** Opening Stored data block **

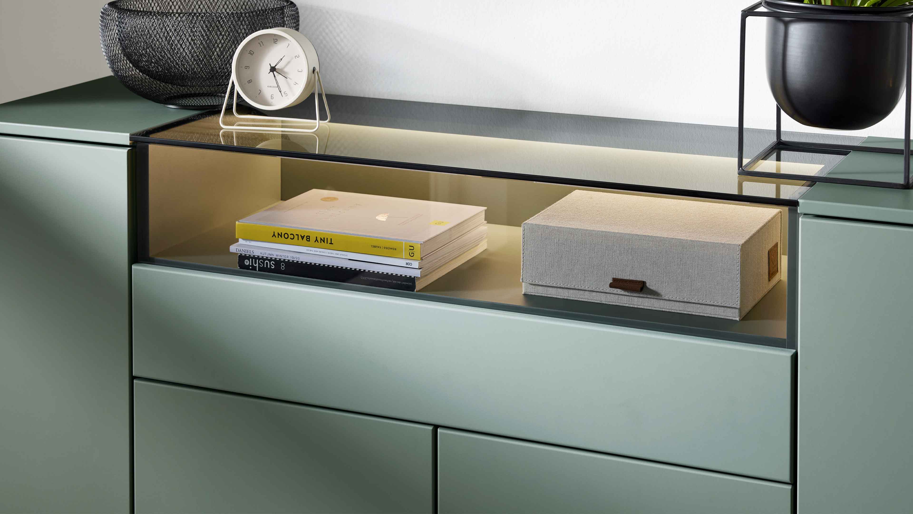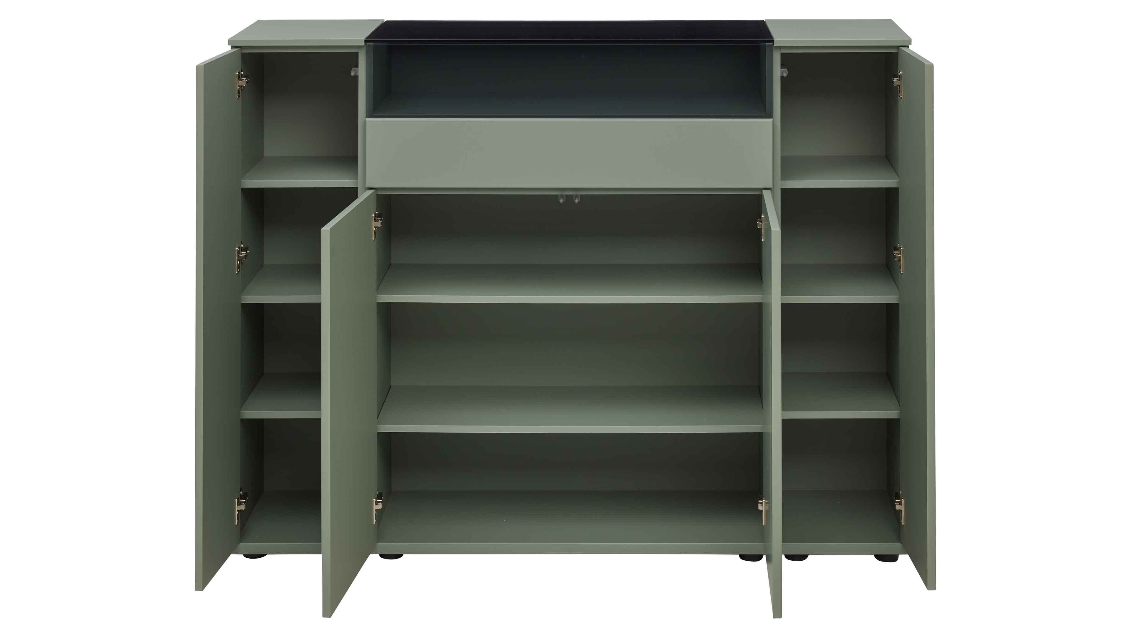 Die Melaminoberflächen der Serie sind kratzfest, UV-beständig, strapazierfähig und pflegeleicht – ideal für den täglichen Gebrauch. Die Kombination aus Schilfgrün matt und Floatglas sorgt für eine harmonische Balance aus Natürlichkeit und Eleganz und verleiht deinem Wohnraum eine moderne, individuelle Note.
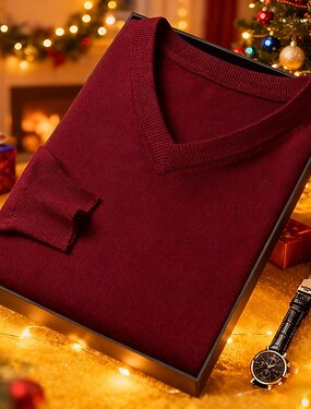 男性用 クリスマスジャンパー クリスマスセーター ホリデーセーター プルオーバーセーター ニットセーター リブ ニット レギュラートップス ニット 平織り Vネック ファッション ベーシック バケーション デイリーウェア 衣類 秋 冬 キャメル ワイン S M L
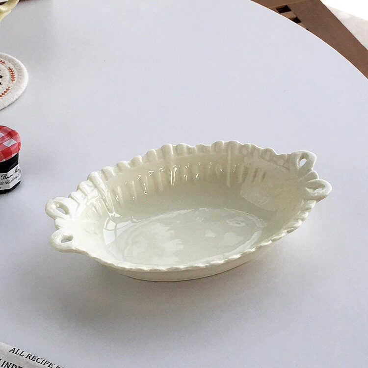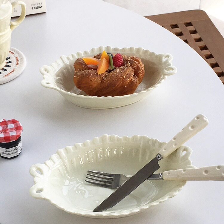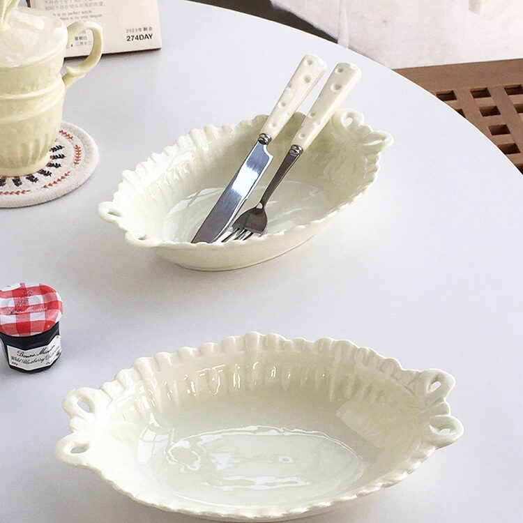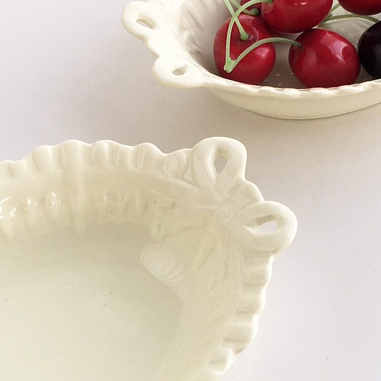 📚 Annie Garden 外贸出口 法式复古浮雕陶瓷蝴蝶结深盘菜汤盘沙拉盘

** Closing Stored data block **

Copy exactly, and copy nothing else: the lines from the one containing "男性用 クリスマスジャンパー クリスマスセーター" through the end of the data, both ends included, with pictures left out.

 男性用 クリスマスジャンパー クリスマスセーター ホリデーセーター プルオーバーセーター ニットセーター リブ ニット レギュラートップス ニット 平織り Vネック ファッション ベーシック バケーション デイリーウェア 衣類 秋 冬 キャメル ワイン S M L
 📚 Annie Garden 外贸出口 法式复古浮雕陶瓷蝴蝶结深盘菜汤盘沙拉盘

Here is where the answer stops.